Ultimately, though, people line up to see M3GAN to see the doll, and the doll delivers. The first M3GAN proved magnetic from the strength of its character work, which reupholsters the absurdity of Child’s Play for a generation that grew up with Mean Girls DVDs on their shelves. For what it’s worth, the sequel is largely able to retain what made watching that viral-dancing toy so fun in the first place. A genre shift from horror to action-comedy means M3GAN’s kills are fewer and farther between, but her wit remains sharp as a butcher knife. Johnstone’s strongest writing comes via M3GAN’s dialogue, which consistently scores the movie’s biggest laughs, whether she’s serenading Gemma with a Kate Bush song or calling her boyfriend a virtue-signaling snowflake (M3GAN is, after all, a product of machine learning).
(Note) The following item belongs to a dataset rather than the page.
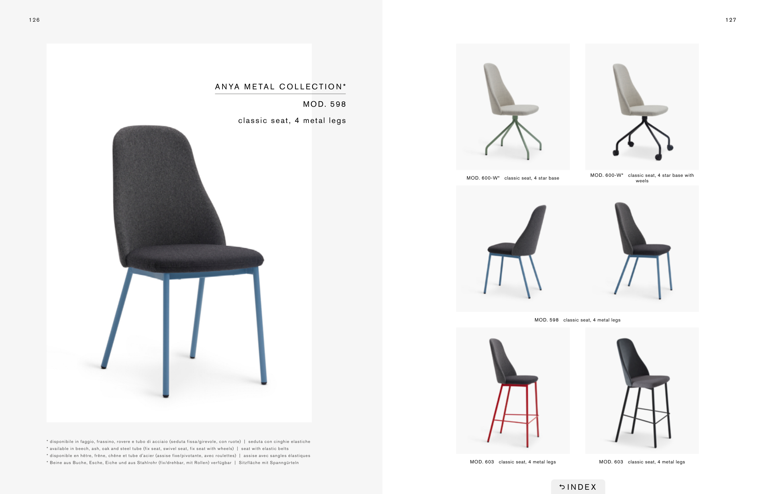 * disponible en hêtre, frêne, chêne et tube d'acier (assise fixe/pivotante, avec roulettes) | assise avec sangles élastiques
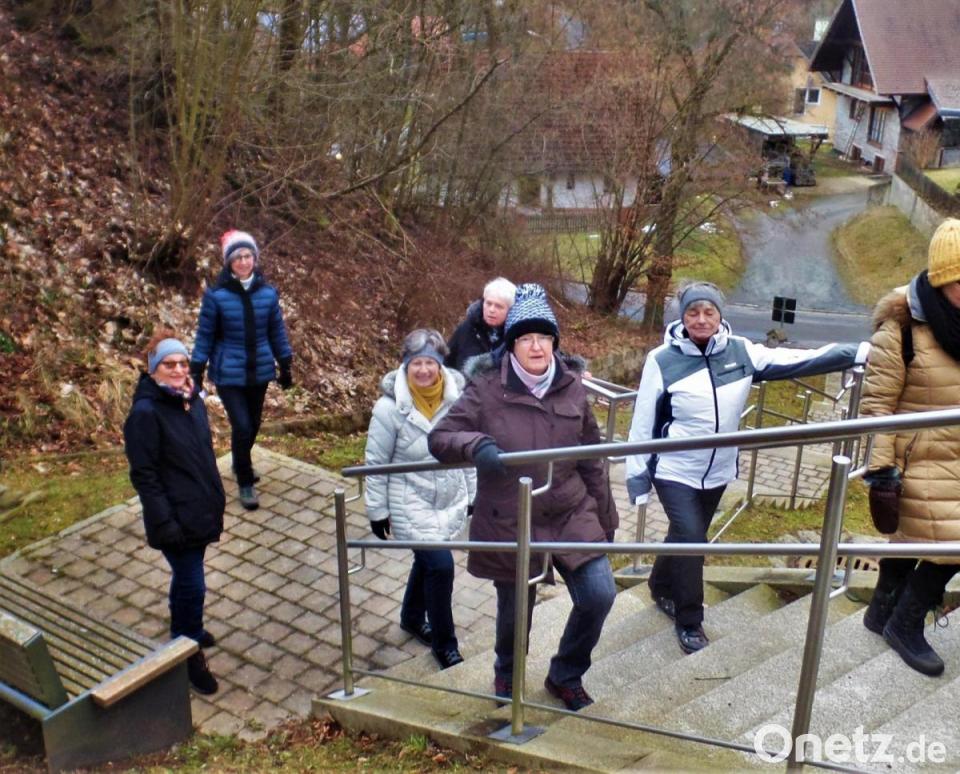 G'sundheitsbotschafterin Maria Müller von der Sega (Gesellschaft für seelische Gesundheit im Alter) führte die Kohlberger Kursteilnehmerinnen nicht über Stock und Stein, aber bergauf und bergab bei der kurzfristig angesetzten Achtsamkeitswanderung. Vom katholischen Gemeindehaus ab ging es eine Teilstrecke entlang des Bernsteinwegs, dann rauf zur Abspann-Kuppe, den Geiselberg hinunter zum Eichelbach und über die Pfarrrangen-Treppe zurück zum Ausgangspunkt.

One great character design isn’t quite enough to save a movie, but M3GAN’s return to form is a nice consolation for crowds with the fortitude to show up to a January slasher’s summertime sequel.
But perhaps most relevant to any assessment of M3GAN 2.0 is the fact that artificial intelligence has witnessed a commercial explosion in the time between the original and its sequel. While predecessors of the M3GAN franchise saw robot armies and cyborg overlords in the tea leaves, AI has instead crept in as a watering down of the human experience — art and work life, social media and customer service, healthcare and insurance claims, all polluted with a touch of gray that replaces connection with a nauseous loneliness. For all its missteps, M3GAN 2.0 does at least manage to capture the essence of what AI has done with pop culture — a tired dilution of its own spark.
DIRECTOR: Gerald Johnstone; CAST: Allison Williams, Violet McGraw, Brian Jordan Alvarez Amie Donald, Jenna Davis; DISTRIBUTOR: Universal Pictures; IN THEATERS: June 27; RUNTIME: 1 hr. 59 min.